Здесь замечательно это типичное «Вы должны быть спокойны!» Призыв к самопринуждению, к дисциплине, к постоянному контролю и зажиму своей психической жизни, призыв к неустанной борьбе со своей спонтанностью, то есть весь комплекс идей, прямо и диаметрально противостоящих розановскому отвращению ко всякому насилию над «самочинно-произвольным» истеченьем психического и ментального вещества. Спокойствие Розанова – это та умиротворенность, которая есть результат «женственного», «безвольного» отпусканья в естественный полет всяких, неизвестно как и откуда рождающихся и вспархивающих «бабочек» мысли, чувствований, ощущений, догадок, предчувствий, порывов – в том числе и бурных, и страстных: всяких, без изъятий, без цензуры. «Но если Он дал мне предназначение к вечным говорам (в душе), то я и должен вечно говорить». Как ручей – течь. «Зачем я буду запирать зов в груди, когда зов кружится».

Мы, к сожалению, весьма не склонны наблюдать за собой и друг за другом, как за некими архетипически сориентированными ментальными организмами. Чаще всего мы надеваем на себя и друг на друга мундир по тематике наших разговоров и мыслей, и тем самым сбрасываем общение в парадигму линейного суммирования (вычитания, умножения, деления) суждений и мнений. Тем самым мироощущения навязчиво определяются через линейное информационное поле, а не через понимание метода и методики «работы с информацией».

Разумеется, архетипический даос – натура женственная, «безвольная» (сотни свидетельств Розанова об этом), «бесхарактерная», ибо она податлива, пластична, гибка, тонка, откликаема, но и мощна, как ток воды. Потому-то: «Никакого интереса к реализации себя, отсутствие всякой внешней энергии, “воли к бытию”. Я – самый не реализующийся человек». («Уединенное»). «Не реализующийся» – в западном смысле, где навязчиво довлеет императив «реализуй себя!» в смысле «пробей себе дорогу» вплоть до применения кулаков и когтей, «собери волю в кулак» и «заяви о себе как о личности», «преодолей в себе слабости». С помощью императива «ты должен!».

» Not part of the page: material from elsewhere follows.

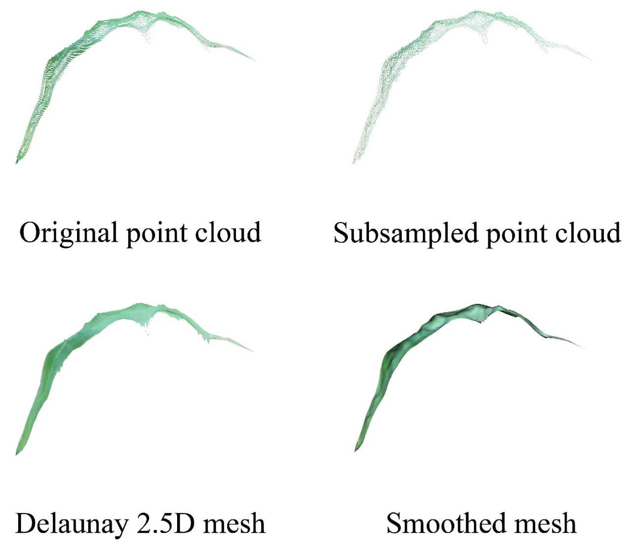 Рисунок 15 иллюстрирует процесс преобразования от исходных RGB-D данных к 3D сетчатой модели, пригодной для измерения площади листа. Из-за ограничения разрешения по направлению глубины depth камеры, исходное облако точек показывало ярко выраженное ступенчатое распределение. После пространственной подвыборки эта проблема была смягчена, хотя и за счет некоторой плотности облака точек. После триангуляции Delaunay появились заметные колебания по сетке, заставляя листовую модель казаться чрезмерно широкой и толстой. Однако окончательная сглаженная сетка эффективно представляла как форму, так и цветовые характеристики листа.

Но Розанов в этом смысле принципиально никому ничего не должен, и его душенька гуляет на свободе где и когда и с кем ей хочется. Потому он и пребывает «вне нравственности». Подобно Ле-цзы.

«Я пролетал около тем, но не летел на темы. Самый полет – вот моя жизнь. Темы – “как во сне”. Одна, другая…много… и все забыл. Забуду к могиле. На том свете буду без тем. Бог меня спросит:

– Что же ты сделал?

– Ничего». («Опавшие листья»).

Но ведь Розанов отнюдь не боится, что Бог рассердится на него или тем более накажет за это «ничего». Отнюдь. Розанов абсолютно уверен, что Бог его поймет. Более того:

«Народы, хотите ли, я вам скажу громовую истину, какой вам не говорил ни один из пророков…

– Ну? Ну?.. Хх…

– Это – что частная жизнь выше всего.

– Хе-хе-хе!.. Ха-ха-ха!..Ха-ха!..

– Да, да! Никто этого не говорил; я – первый30… Просто, сидеть дома и хотя бы ковырять в носу и смотреть на закат солнца.

– Ха, ха, ха…

– Ей-ей: это – общее религии… Все религии пройдут, а это останется: просто – сидеть на стуле и смотреть вдаль».

Гротесково-обывательское смыкается с ноуменально-священным. Вырвавшийся из плена социальных «обязательств», человек становится «чистым», то есть священным животным.

«Ковырять в носу и смотреть на закат солнца» – что это? Так ли уж это смешно? Поза полного самозабытья, состояние забвения своего маленького суетливо-тщеславного «я», растворенность в объекте созерцания и притом – каком! И что значит «просто – сидеть на стуле и смотреть вдаль»? Может ли это быть «религией»? А почему нет? Быть отрешенным – разве это не “религия”?

Забавно, что ссылку на этот знаменитый розановский фрагмент я как-то нашел, листая книгу о Чжуан-цзы нашего именитого синолога В. Малявина: «Чжуан-цзы нарочито отвергает всякое умствование. Он советует «”праздно гулять среди беспредельной шири”». Звучит как у Розанова: «ковырять в носу и смотреть вдаль». Именно так: «”волочить свой хвост по грязи” и “воспарять за облака”, быть другом Земли и Неба, быть в себе вне себя. Эти крайности уживаются в Чжуан-цзы органически, не стесняя, а, наоборот, высвобождая друг друга. И все речи даосского философа – призыв к людям высвободить себя для жизни».

3

Розанов столь спокойно, столь «объективно» принимает и провожает (отпускает) приходящие к нему (импульсивно рождающиеся) мысли, что очевидно, сколь он привязан к каждой из них и сколь бесконечно равнодушен – в этой парадоксальной одновременности.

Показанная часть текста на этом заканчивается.